9/18/2009

The Holman Illustrated Study Bible - review


The Holman Illustrated Study Bible combines the Holman Christian Standard with maps from the Holman Bible Atlas and lots of photos.

Each book begins with an overview including major themes, purpose, Christ, canonical setting, and literary features. Notes, aside from the few text critical footnotes, are topical and sporadic but the photos and vivid maps are quite helpful. There is an appendix that has various charts (millennial positions, canonical lists, measurements) and an abridged concordance.

What really hinders this study bible are aesthetics. The deep yellow for the footnotes is very distracting and the colors for the charts can be a bit grating. The first few pages include space to record births, deaths, etc. To me, those kinds of pages are curious enough, but there is a fake Hebrew type writing underneath each heading.
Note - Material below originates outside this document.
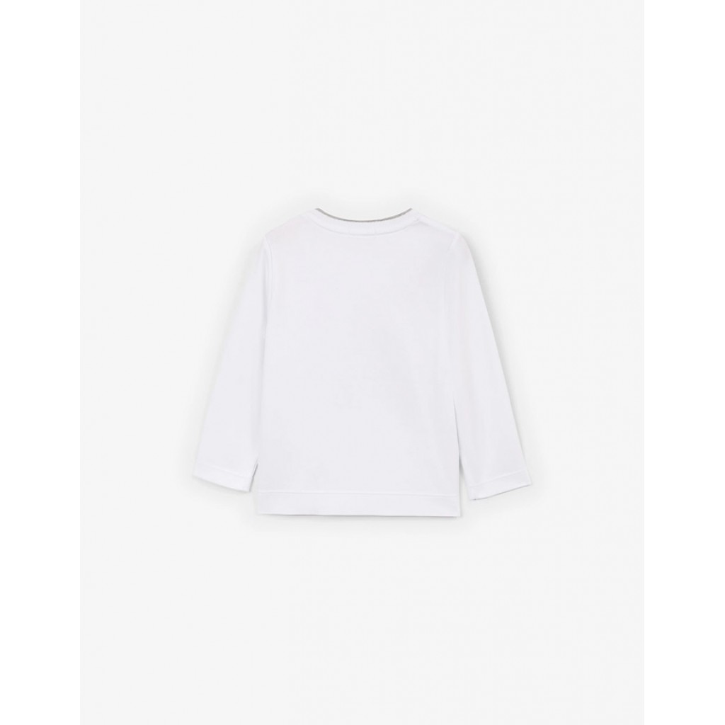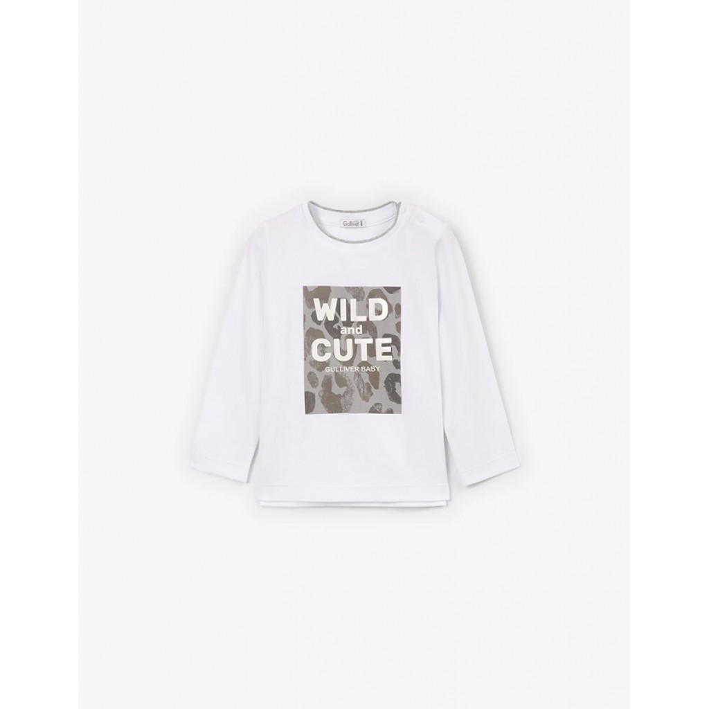 Белый лонгслив, выполненный из мягкого хлопкового интерлока, - прекрасный повседневный вариант. Мягкая свободная форма и пластичный дышащий трикотаж обеспечивают комфорт и свободу движений. Модный анималистичный рисунок придает образам с лонгсливом остроту современных трендов, делая малыша настоящим стилягой. Застежка на кнопки в плечевом шве способствует удобной эксплуатации, необходимой маленькому ребенку. В оформлении модели использован шрифтовой принт.

Notice how they make the Hebrew letters look like the English equivalents above. There is a mutilated Qof and several upside down Shins, to note a few of the errors. This is a perplexing choice - you wouldn't appreciate the line underneath unless you realized that they are Hebrew letters. But, if you knew they were Hebrew letters, you would know that Hebrew is read right to left, Hebrew letters (or words) don't simply correspond one to one with the English phrase above, and that many of the letters are adjusted, flipped, and twisted. If you didn't realize the silliness immediately, you'd figure it out with the helpful Hebrew alphabet acrostics printed with Psalm 119 and Lamentations.

If you don't mind a few visual quirks, this isn't a bad study bible. Unfortunately, there isn't much in the way of content that separates this from better study bibles. My recommendation is the ESV Study Bible - great content and helps.